The most remarkably popular major political figure in the world right now is Mexico’s Claudia Sheinbaum, who swept into the presidency in a landslide victory last summer — and who has, in defiance of the laws of contemporary political gravity, been building on her popularity ever since. Her approval rating just hit an astounding 85 percent, according to one poll, a significant jump from an already high level, and one that has come since she started publicly sparring with President Trump.
I’m not surprised: Often when Trump picks fights abroad he seems to give a significant political boost to his antagonists.
We’re living through a global wave of anti-incumbency, as you might have heard. But it isn’t always easy to perceive the ideological signal through the white noise of frustration.

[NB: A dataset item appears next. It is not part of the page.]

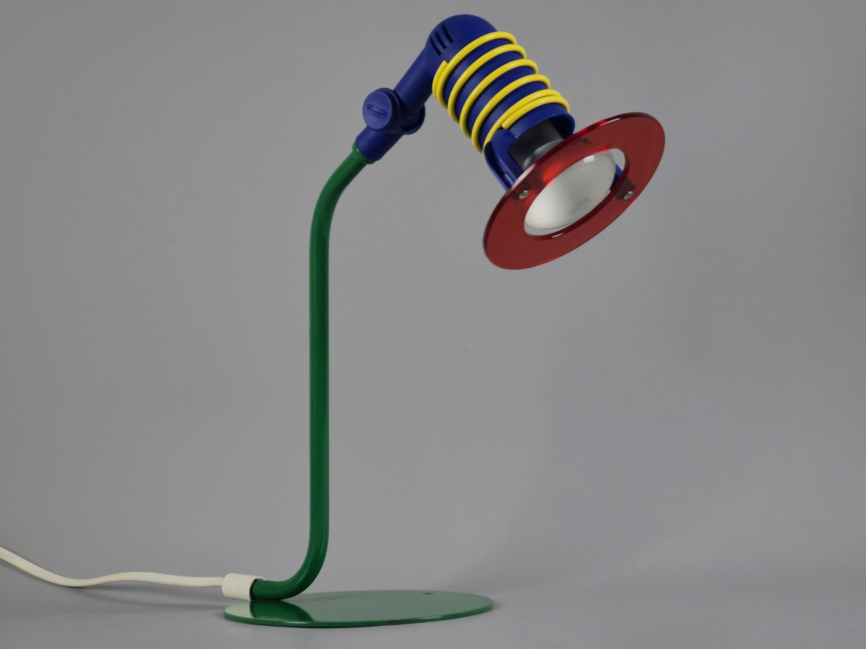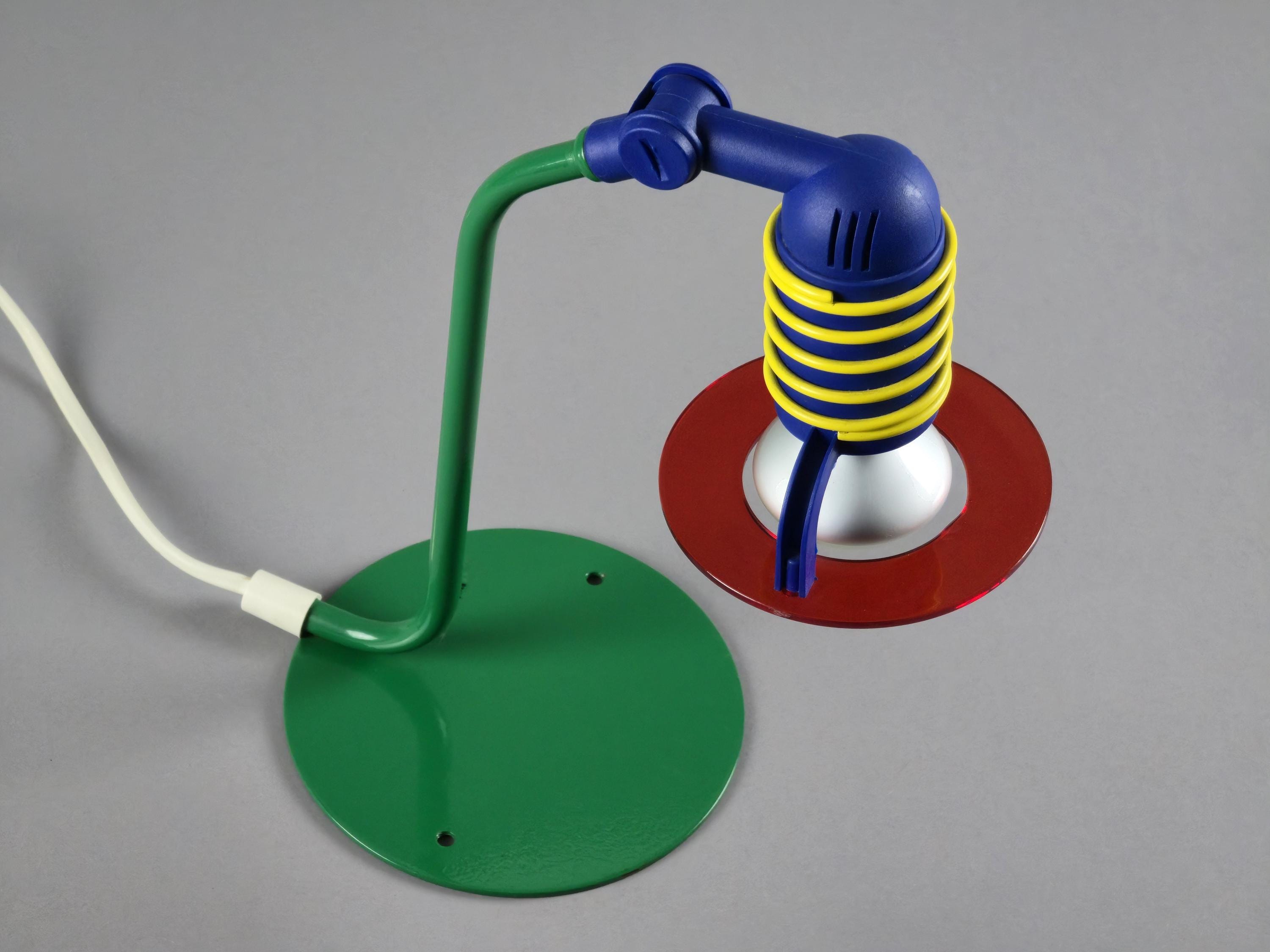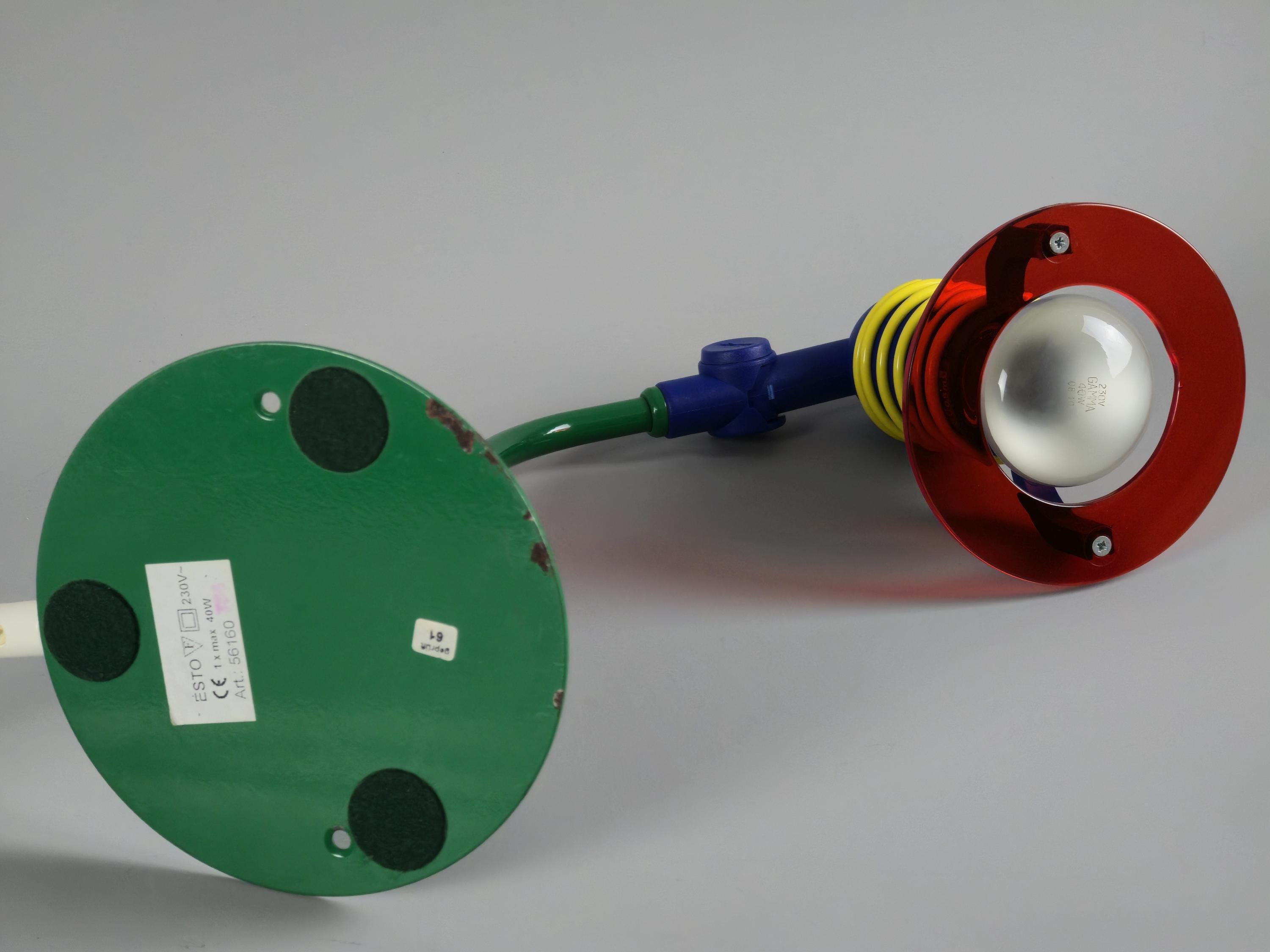 Vintage 1990s postmodern table lamp with a spiral design by ESTO. The design is strongly reminiscent of the Memphis Group style from the 1980s, known for its bright colors and geometric shapes.
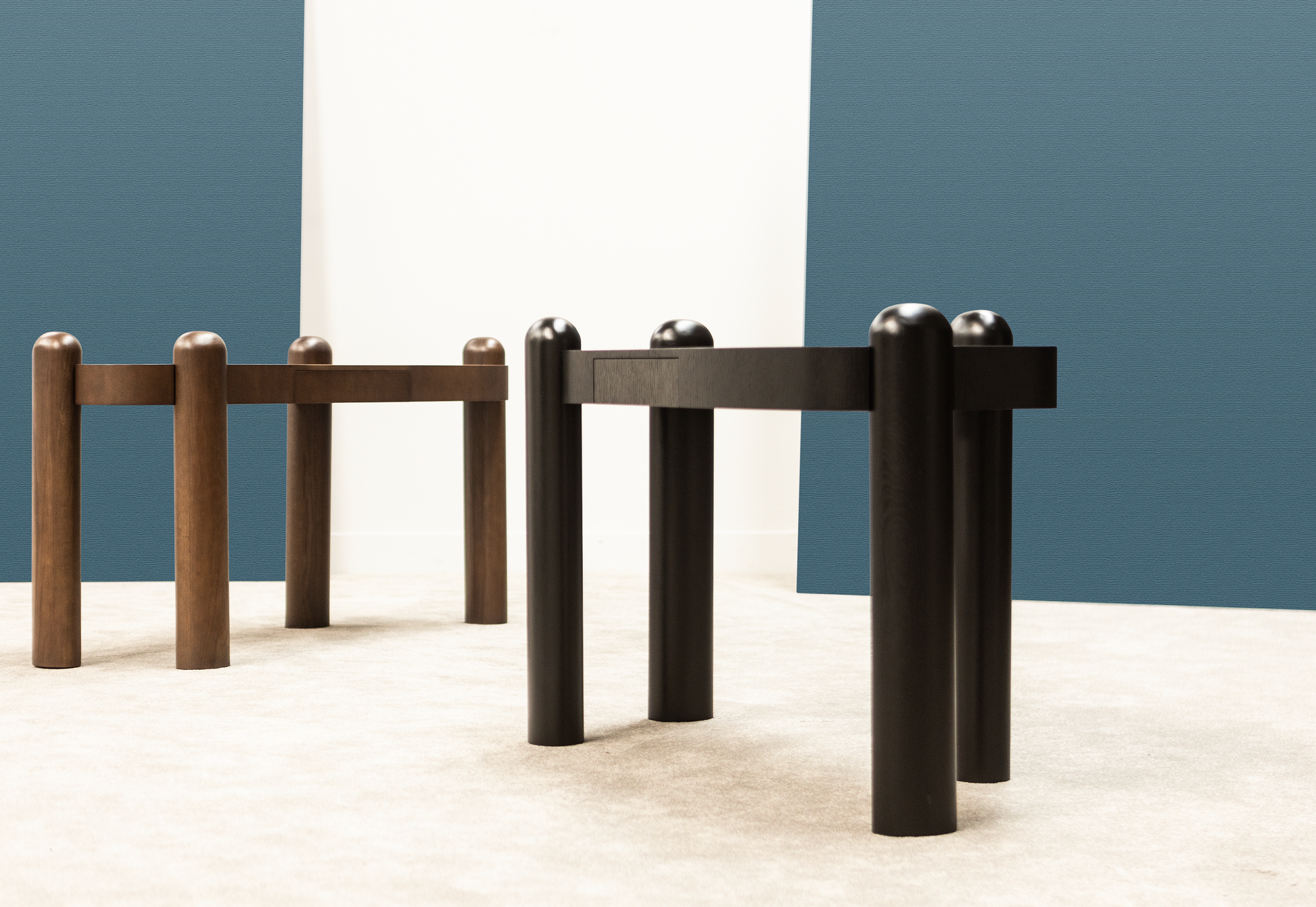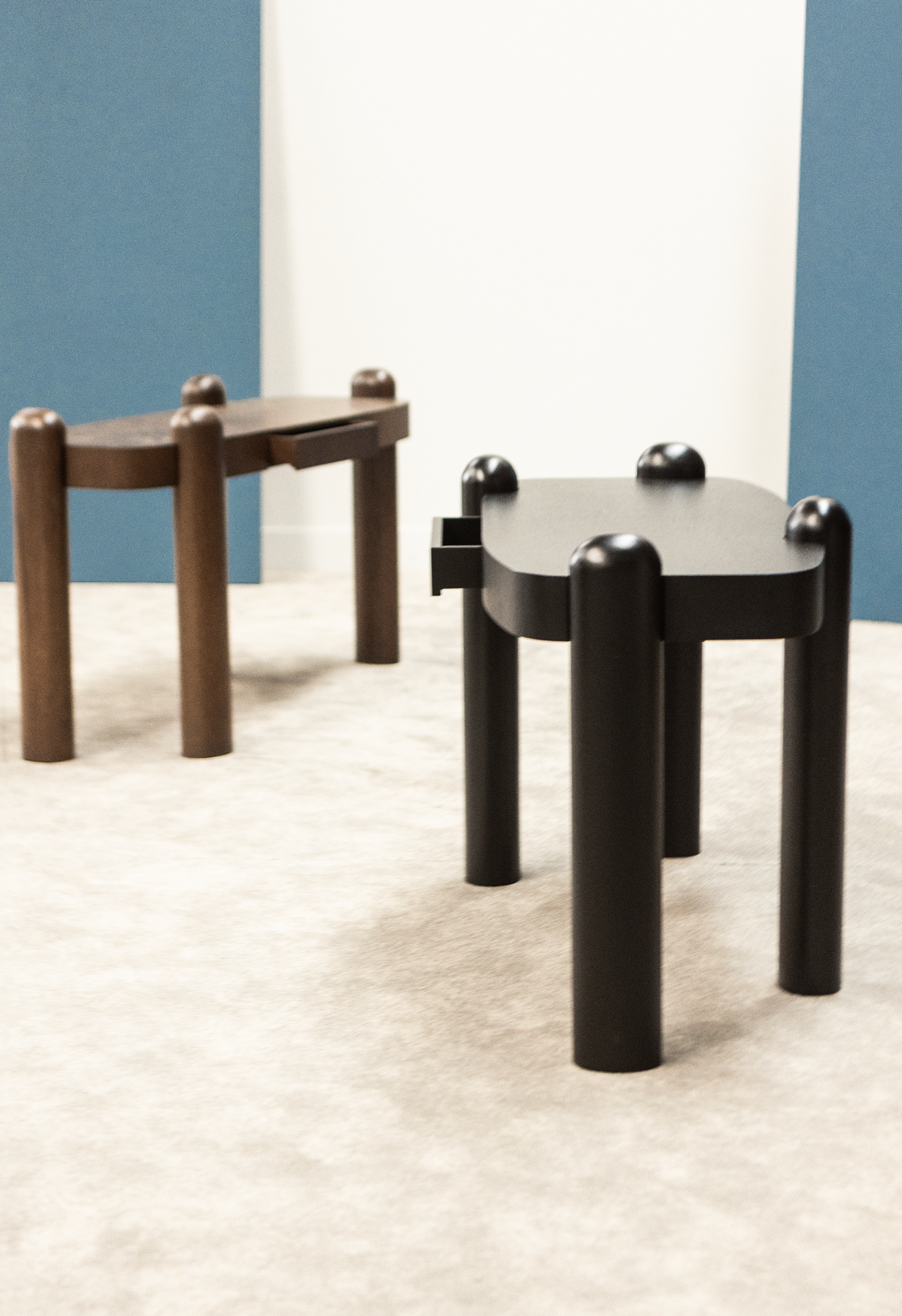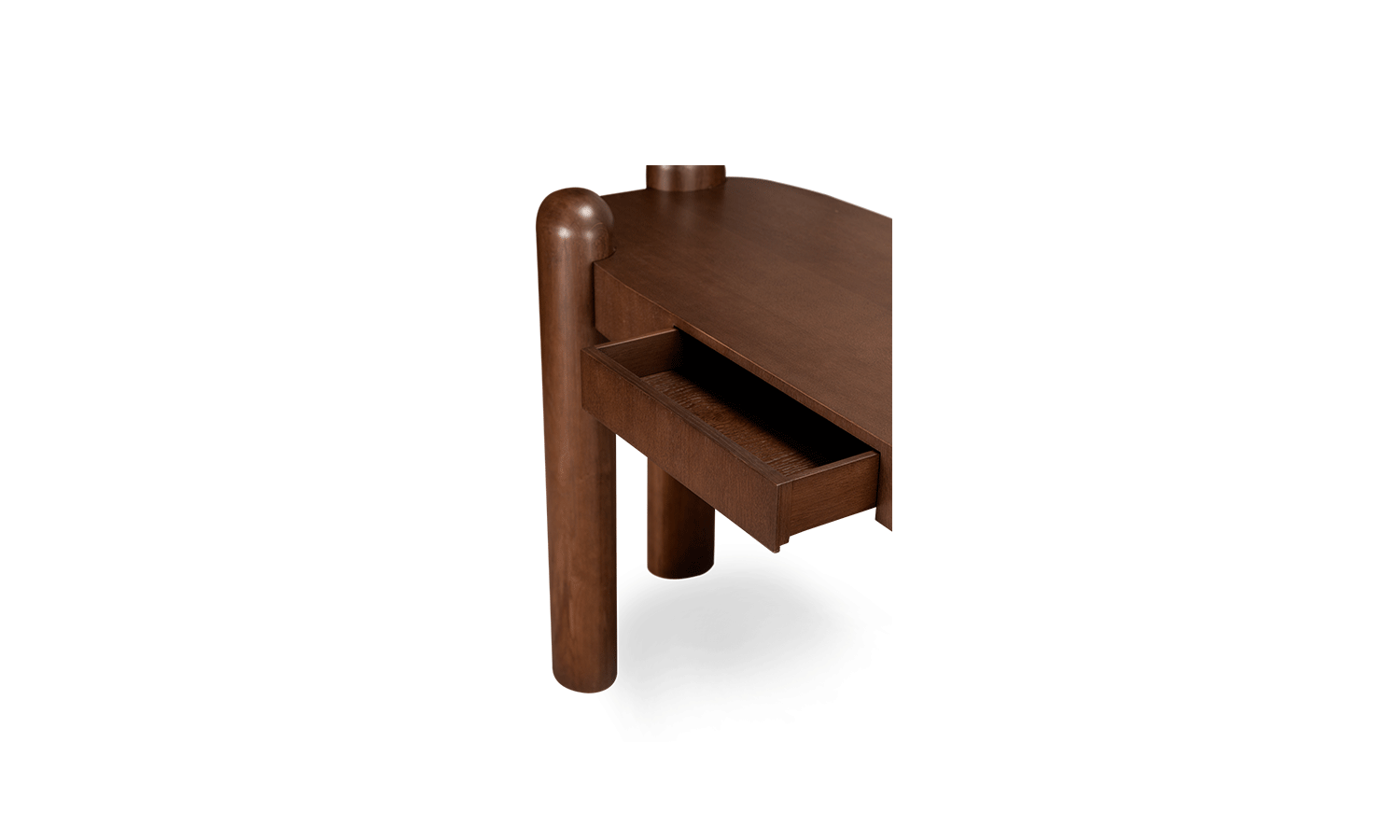 A seven centimetre table top with integrated drawer is suspended by ovalised wooden columns. This desk / consolecombination showcases both strength and balance.

The face of Europe’s new right, Italy’s Giorgia Meloni, has only a 42 percent approval rating; Argentina’s anarcho-capitalist Javier Milei’s approval rating has been stuck below 50 percent. In Britain, Labour secured a historic victory last summer, but by the fall Prime Minister Keir Starmer’s net approval had fallen to negative-38, a decline of nearly 50 points since election day. . And while despondent liberals looking for success stories sometimes point to the center-left coalition in Denmark, support there for the party of Prime Minister Mette Frederiksen slumped as low as 18 percent in November.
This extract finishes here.